I've been reading about our Se function, and found out *why* I was always touching things as a child (to the point where my mother was aggravated). Then, I thought of my favorite childhood toy. Since it's the month for toys, in this fun spirit, what was your favorite toy? If you'd like to say why, that's great, too.

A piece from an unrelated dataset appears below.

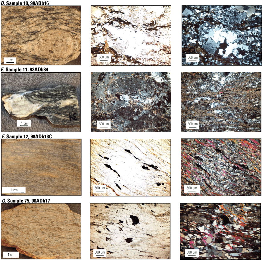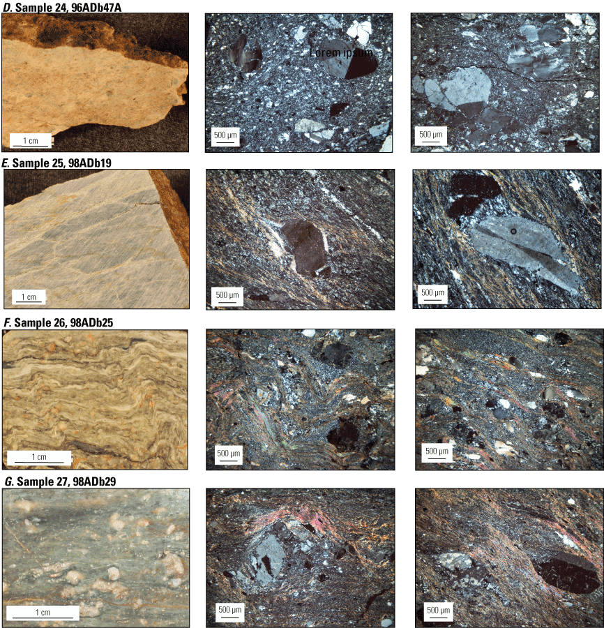 Representative photographs and photomicrographs of selected metaigneous rocks from the Nasina assemblage in east-central Alaska and western Yukon analyzed for U-Pb zircon geochronology and whole-rock geochemistry. Sample numbers and field numbers are given. For each sample, the left column shows a photograph of the cut face of the hand sample (duplicate field numbers indicate different samples from same locality were collected for dating and whole-rock geochemistry) and the middle and right columns show transmitted, cross-polarized-light photomicrographs of a thin section cut from the hand sample. A, Sample 14 is a felsic metatuff showing foliation defined by thin, elongated concentrations of gray quartz and white feldspar. Photomicrographs show very fine-grained annealed quartz and wisps of white mica. Cryptic evidence of relict feldspar phenocrysts are gray, iron-stained patches (center of right image). B, Sample 15 is a felsic metaporphyry showing orange, iron-stained feldspar and white quartz phenocrysts around which a quartz-mica protomylonitic fabric is deflected. Photomicrographs show the fine-grained recrystallized matrix of quartz and white mica. In the middle image, a white quartz phenocryst reveals evidence of former melt inclusions by its irregular outline; the black area at the bottom of the photomicrograph is part of a twinned feldspar. In the right image, the oval-shaped, polygonized quartz porphyroblast in the upper right and the strained (wavy and striped) dark and light gray quartz porphyroblast at the center bottom may have originally been phenocrysts and are evidence of mylonitization. C, Sample 23 is a metarhyolite showing elongate patches of white and light gray minerals identified as probable feldspar and quartz, respectively. Photomicrographs show fine-grained matrix of quartz and feldspar and likely former phenocrysts replaced by finely crystalline quartz, feldspar, and sericite. D, Sample 24 is a metarhyolite showing weakly developed foliation and light gray quartz and white feldspar phenocrysts. Photomicrographs show fine-grained recrystallized matrix of quartz and feldspar and twinned, gray feldspar phenocrysts and white to gray, strained quartz phenocrysts. E, Sample 25 is a metarhyolite showing well-developed foliation. Photomicrographs show fine-grained recrystallized matrix of quartz and sericite enveloping a quartz phenocryst (middle image) and a twinned feldspar (left image). F, Sample 26 is a metarhyolite showing wavy crenulation cleavage formed by thin folia of white quartz, rounded augen of white quartz, and orange iron-stained feldspar. Photomicrographs show fine-grained recrystallized matrix of quartz and sericite folia enveloping mostly white to light gray quartz phenocrysts and dark gray to black feldspar phenocrysts. G, Sample 27 is a metarhyolite showing rotated and rounded white feldspar phenocrysts in a greenish and white fine-grained matrix. Photomicrographs show mylonitic texture with foliation defined by pinkish to bluish sericite and cryptocrystalline quartz that wraps around mylonitized phenocrysts that have cores of relict potassium-feldspar phenocrysts (light gray mineral in left-central part of middle image) and partially replaced margins of microcrystalline quartz. Right image shows an oval polygonized quartz grain (lower left) and a rotated, twinned potassium-feldspar phenocryst (lower right). cm, centimeter; µm, micrometer; mm, millimeter.

So, to start us out, my favorite toy was play dough. Loved the stuff... couldn't get enough of it. Why? The feel of it, and the smell of it, and the variety of colors. Then, oh my, someone gives you a rolling pin, and you get sounds!


----------



## ruth2ten (Jun 25, 2011)

I had a stuffed donkey. 

I remember him as early as age 4.

He wasn't Eeyore but his tail did need to be sewn on several times, 
and he had a sad expression.

I still have him. 
He is very old, but still loved. roud:


~ ~ ~ ~ ~ ~ ~ ~

play dough was cool too!
But you didn't mention eating it...and I know you tasted it! :tongue:


----------



## Beware of Italics (Nov 23, 2012)

I remember loving all things girly. :tongue: I loved baby dolls and strollers, and one of my favorite toys was a Holly Hobbie tea set. (My father threw away my favorite childhood toys the first time we moved. To this day I haven't forgiven him for throwing away that tea set). I also cherished my Little Golden Books which my grandmother taught me to read from. (My cousins stole those, and I'm angrier about that than the tea set. I literally wake up some mornings and the first thought in my head is how those Little Golden Books can never be replaced).

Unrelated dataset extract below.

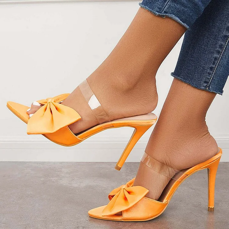 Orange Satin Oversized Bow Heels Clear Strap Slip On Mules Shoes

And I LOVED play-doh! Every time I had to go to the doctor or dentist, my mother would buy me a toy afterward and always did I choose play-doh.


----------



## leftbanke (Aug 16, 2012)

ha ha... yes, taste tested, and way salty! (I was kinda disappointed.)


----------



## ruth2ten (Jun 25, 2011)

I liked this also. :tongue:
















She had a retractable pony tail in the back of her head too.

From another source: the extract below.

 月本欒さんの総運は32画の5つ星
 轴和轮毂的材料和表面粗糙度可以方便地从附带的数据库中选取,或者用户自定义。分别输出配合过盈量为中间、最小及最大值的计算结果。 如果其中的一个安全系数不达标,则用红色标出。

A rocking horse similar to this type also stands out in my memory.


----------



## Vanishing Point (Oct 2, 2012)




----------



## BooksandButterflies (Jul 26, 2012)




----------



## Beware of Italics (Nov 23, 2012)

I had that same keyboard! :happy:


----------



## scorpion (Dec 8, 2012)

Legos and books and a computer were how I spent most of my play time.


----------



## Adelaide (Dec 30, 2012)

meapineapple said:


> Legos and books and a computer were how I spent most of my play time.


I played with Legos too! I liked to build houses out of them. I also liked puzzles and anything that you could assemble. Anything that let me use my imagination was fun for me.


----------



## Geoffrey (Jan 27, 2012)

meapineapple said:


> Legos and books and a computer were how I spent most of my play time.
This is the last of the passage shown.